7.5 Firstly, rejoinder submission on the issue has to be rejected for the reason that the assessee cannot be allowed to keep its improving on fact from to time and that too at appellate stage. Secondly any application for admission of additional evidence has to be supported by reasons for which the appellant could not produce such evidence before the AO during assessment proceedings. I have already held that assessment under section 144 is justified. The appellant has though requested for admission of additional evidence, but no reasons have assigned for not producing such evidence before the AO. The rejoinder has been submitted after receipt of remand report from the AO with further request of admission of additional evidence. I find that it is not permissible under law. The AO has been effectively denied opportunity of examination of evidence and find the genuineness thereof. I therefore, have no option, but to refuse the evidence submitted by the appellant and dismiss the relevant ground of appeal.”

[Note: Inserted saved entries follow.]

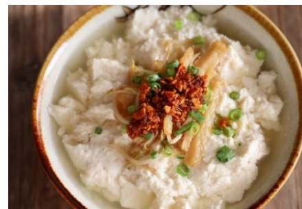
チャーハンやサラダ、豆腐にかけるだけで料理のアクセントに！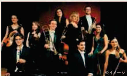
[Aコース]パイプオルガンコンサート(リンツ旧大聖堂) ウィーン・フィルメンバー四重奏コンサート(船内)

本年限りの特別企画として、各クルーズごとに寄港地での貸切コンサートや、セレナーデ船内に演奏家を招いての船上コンサートを開催します。 優雅に響く音楽の調べをゆったりとお楽しみください。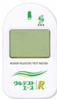
グルテストエースR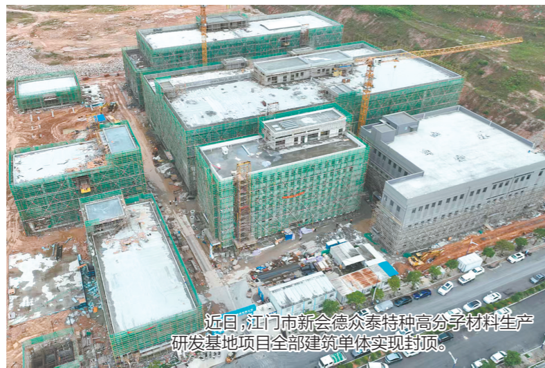
近日,江门市新会德众泰特种高分子材料生产研发基地项目全部建筑单体实现封顶。

The assessee contends that it had furnished written submissions dated 03.02.2014 (supra) (APB 37-44) before the AO in compliance to notice (APB 34- 35) issued u/s 142(1) of the IT Act, dated 31.08.2012, query no. 14. Attention has
I.T.A Nos. 296 & 264/Agra/2016 11
been drawn to APB page 41, i.e., the details of the sundry creditors as furnished to the AO. 11. The ld. DR has drawn attention to APB page 39 and 40, where expenses shown of more than Rs.20,000/- about construction of building have been tabulated. It is contended that no details of suppliers of building material were provided by the assessee and so, the addition was correctly confirmed by the CIT(A), as this expenditure was not verifiable. In this regard, it is seen that the details at pages 39 and 40 of the Assessee’s Paper Book are in response to query no. 12 (APB 34-35) contained in the questionnaire (supra) dated 31.08.2012 issued to the assessee by the AO. This query is not regarding the issue at hand, i.e., sundry creditors. It is regarding the addition in fixed assets made during the year. 12. So far as regards sundry creditors, the assessee had filed the aforesaid written submissions dated 03.02.2014 before the AO in response to query no. 14 contained in the questionnaire (supra). The factum of the assessee having filed such written submissions before the AO stands, as contended, accepted by the AO when in the first para at page 4 of the assessment order, it has been observed that ‘the facts have been considered alongwith the written submission of the assessee’. 13. The assessee filed the very same written submissions dated 03.02.2014 before the ld. CIT(A) also. The assessee also requested for admission of the evidence furnished alongwith the said written submissions, as additional evidence.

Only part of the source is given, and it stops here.